Why Are Podcasts So Important?
If you’ve found your way to this blog, chances are, you have toxic parents. If your parents were addicts, alcoholics, or otherwise toxic, you may not have received the love and support necessary to thrive in adulthood like many of your peers. As I mentioned in this post about five awesome TED Talks, finding commonalities is an essential part of healing. Like TED Talks, podcasts foster a sense of community. They not only provide a creative outlet for those who may have grown up in toxicity, but they also give voices to the voiceless through interviews with victims and professionals. Podcasts help to enhance the conversation that validates the negative experiences that so many young people face. They can also be used to promote healing and offer their audiences some ways to move forward–even if that means forgiving their toxic parents.
What is the Purpose of Podcasts?
A major element of podcasts that makes the best ones successful is storytelling. In his article published on Forbes.com, Chris Giliberti writes, “I believe podcasting will become the most important storytelling medium.” With podcasts in so many niches available and more streaming platforms offering this medium, many people are taking their talents on the air. They are telling their own stories, telling the stories of others, and making connections that are imperative for human relationships. Nowadays, you can find people from similar backgrounds who are speaking directly to you.
When I was first introduced to podcasts, I quickly became addicted. I wanted to hear from everybody who shared my life experiences. I wanted to hear from working moms, writers, readers. And most of all, I wanted to hear from those whose parents were like mine. I wanted to listen to people who had somehow healed from the effects of toxic parenting. Through a lot of what I listened to, I gained strategies that I continue to utilize to this day.
The following five podcasts episodes will not only give you some great listening material for a day or two; but they will also help you to recognize your own experiences. You weren’t alone in your upbringing. With more recognition we can help to end the cycle of toxic parents.

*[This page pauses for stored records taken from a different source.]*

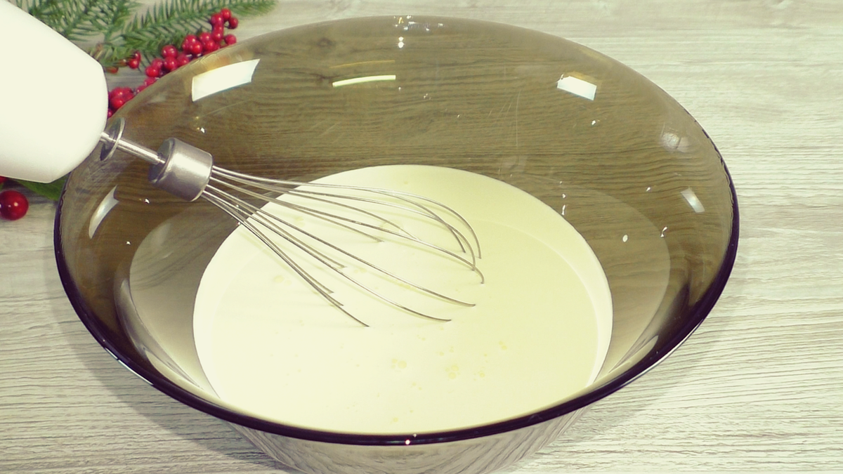 Первым делом холодные сливки нужно вылить в миску и взбивать их венчиком в течение 2-3 минут, пока они не начнут густеть. Как только консистенция станет более плотной, венчик можно заменить на блендер.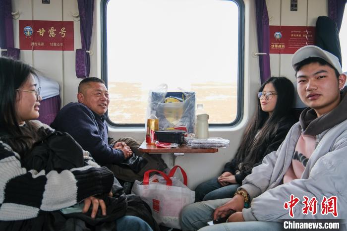 2月1日,Z166次列車硬座車廂,幾位首次到西藏旅行的大學生體驗青藏鐵路。中新社記者 江飛波 攝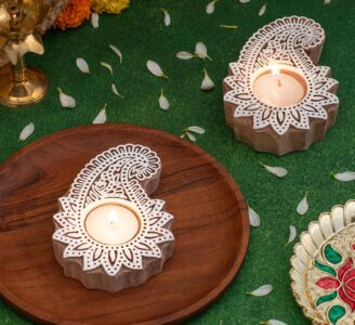 Enhance The Warm Glow Of Tea Light Candles With This Simple, Natural Design. It’s The Perfect Gift Choice And Can Be Used In Diwali Home Decorations And As Diwali Gifts. This Natural Wood Tea Light Holder Is Ideal For Home Decor, Weddings, Parties, Dinners, And Various Themed Events.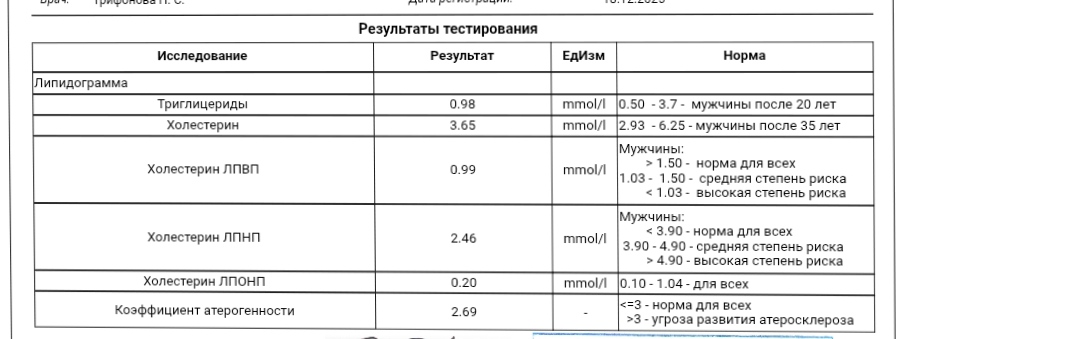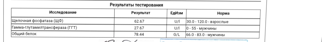 ПЦР - отрицательный, АлАТ - 43, АсАТ - 28, Билирубин общий - 12,7, Билирубин прямой - 4,4, Билирубин непрямой - 8,3, кроме того, Глюкоза 6,2, Холестерин - 7,29, Холестерин-ЛПНП (по Фридвальду) - 5,09, Коэффициент атерогенности… |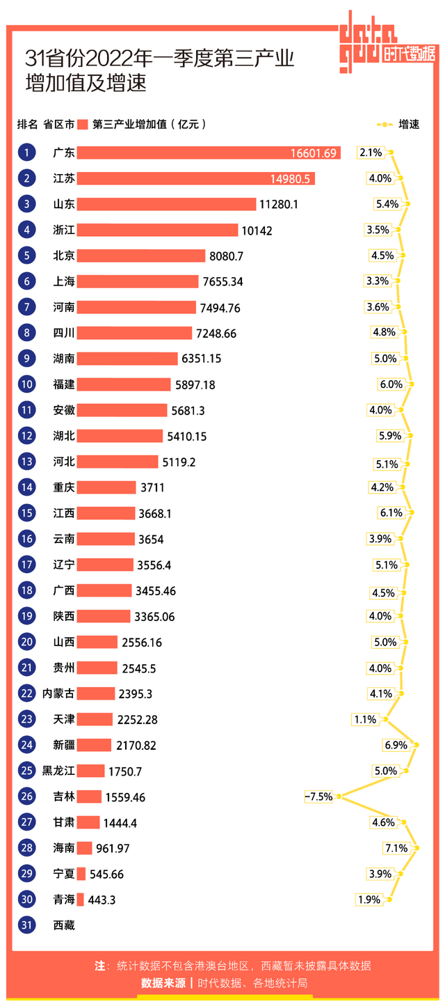 广东一季度第三产业增加值突破1.6万亿,高居第一

1. The Hardcore Self Help Podcast with Duff the Psych: “Dealing with a Toxic Mother”
Wow! In just a few short minutes, Robert Duff explores some great ways to deal with a mother who is toxic. While he acknowledges the difficulty in growing up under these circumstances, he also states that it doesn’t always have to be this way. Once adults, we have the abilities to set boundaries, take care of ourselves, and love our parents from a distance if need be. While it sucks to have to cut people off, it can be absolutely necessary for our own mental health.
2. Mind Love: “Toxic Parents and Relationships with Dr. Sherrie Campbell”
Host Melissa Monte gives a brilliant interview of Dr. Sherrie Campbell who is not only an expert on toxic relationships, but grew up in a household with toxic parents. As Dr. Campbell shares her own story, you will be able to identify with the pain she experienced growing up. There is the emphasis that, while adults can walk away from toxicity in any form, children don’t generally have that choice. And even after one has walked away, there are still lasting effects that govern our future relationships which may leave us partnering with toxic individuals. The good news is that, though the road is difficult, you can learn to recognize what toxic behavior is and set necessary boundaries.
3. Navigating No Contact with Toxic Parents: “Giving Up the Fantasy that Your Toxic Parent Will Change”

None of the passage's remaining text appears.